Hence the time taken for the algorithm to execute is logN(base 10).

##### To find the Nth Fibonacci number

let’s say the solution we’ve developed looks like below

```
fib(n)
begin
if n <= 0
return 0
else if n == 1
return 1
else
return fib(n-1) + fib(n-2)
end
```

In this recursive solution, we have our call stack like this:

for an input 5, we’ll have:

- fib(5) calling out fib(4) and fib(3)
- fib(4) calling out fib(3) and fib(2)
- fib(3) calling out fib(2) and fib(1)
- fib(2) calling out fib(1) and fib(0)
- fib(1) calling out fib(0) and fib(-1)

For every recursive call, the call stack branches out into sub nodes, forming something similar to a balanced binary tree. In this case, we have exactly 2 nodes per branch (fib(n-1) and fib(n-2)) and if we count the total number of nodes, it’d be around 2^n. Hence the time taken for this algorithm is O(2^n)

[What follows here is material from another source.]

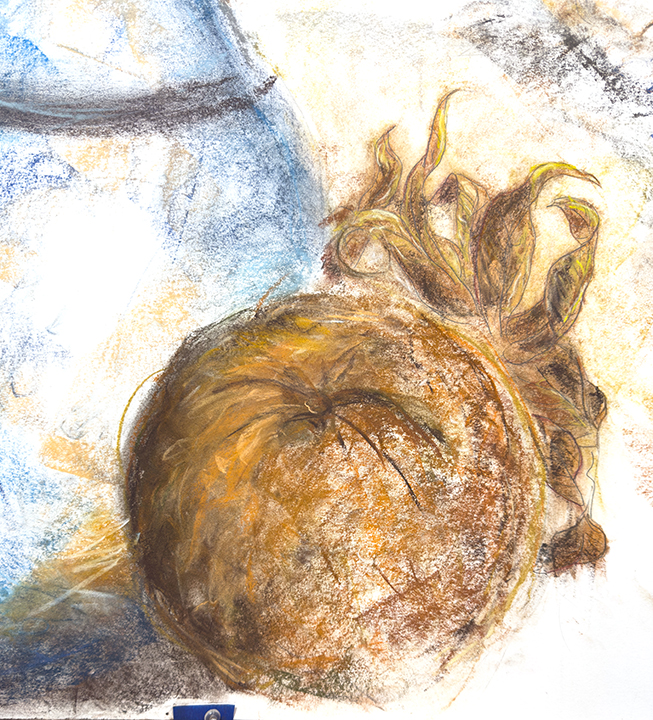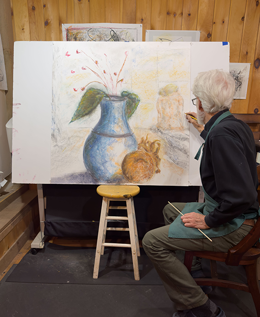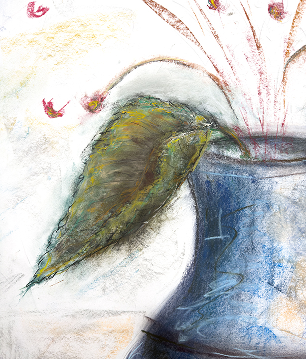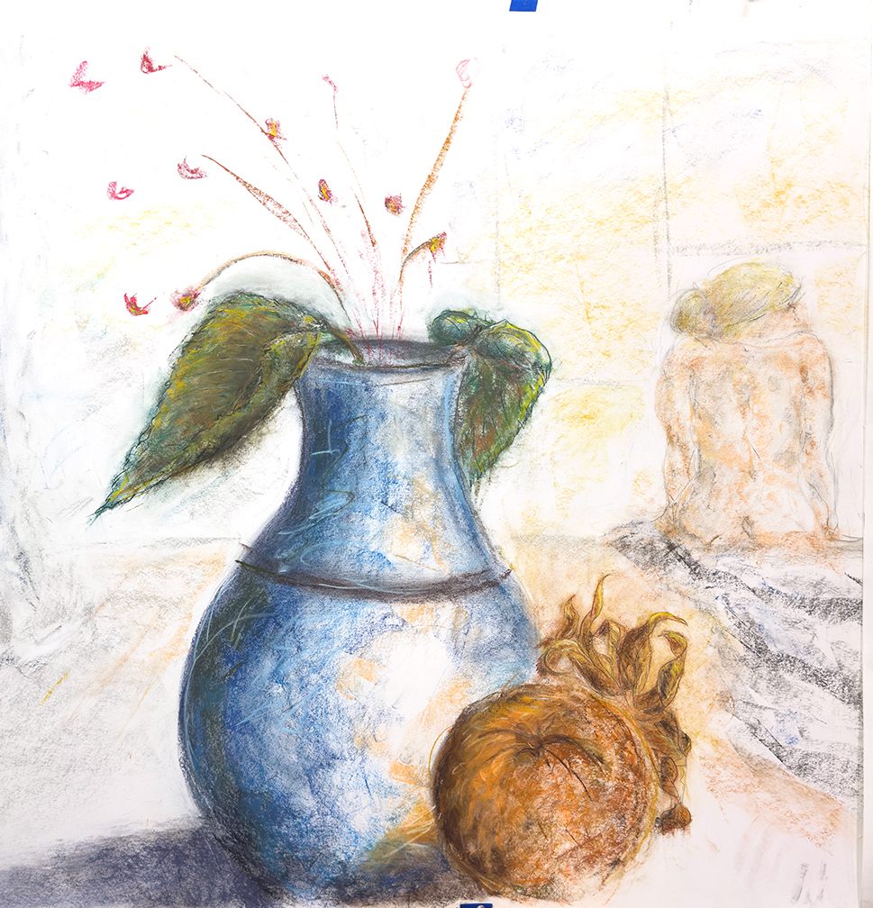 The large, detailed drawing of the vase (the vase itself, without flowers or leaves, is 24" tall) in the foreground dominates our perception. The human figure, which we might normally expect to be the focus, is faint, roughly drawn, and in the background -- insignificant compared to the vase.
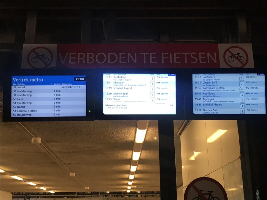 Döm om min förvåning när det, lagom till att jag kom upp på perrongen klockan 19:11 rullar in ett tåg som passerar flygplatsen, på sin väg mot mot Hoofddorp.

##### Sum of all elements of a Matrix

let’s say our solution looks like below

```
SumOfElements(matrix[][], m, n)
begin
sum = 0
for i = 1 to m
for j = 1 to n
sum = sum + matrix[i][j]
return sum
end
```

In this case, for every since iteration of the outer loop i, we have j iterate from 1 to n. This means that the total times the j loop runs is equal to mxn. Hence the total time taken for this algorithm is O(mxn) where m and n are the rows and columns of the matrix.

## Remember these things for Time Complexity

Time complexities for algorithms follow certain patterns, making it easy to identify and understand the execution time for an algorithm. Here are some important things to remember:

- Looping through an array of size n takes O(n) time
- Looping through a matrix of size mxn takes O(mxn) time
- While calculating the time for algorithm, we can drop off the constants. which means O(2n) is equal to O(n)
- If an algorithm contains two sequences of loops, the complexities are added. which means O(n+n) = O(2n) == O(n)
- If an algorithm contains two nested loops, the complexities are multiplied. which means O(nxn) = O(n^2)
- If an algorithm works on an input set by slicing the input into smaller parts, the complexity is mostly logarithmic. which means O(logn)
- If an algorithm works in a recursive fashion with exactly two sub recursive calls, the complexity is mostly exponential. which means O(2^n)
- If an algorithm works in a recursive fashion with exactly one sub recursive call, the complexity is mostly linear. which means O(n)
- Binary Search algorithm takes O(logn) time, while Merge Sort takes O(nlogn) times, since both approaches involve splicing the input set into smaller chunks while processing.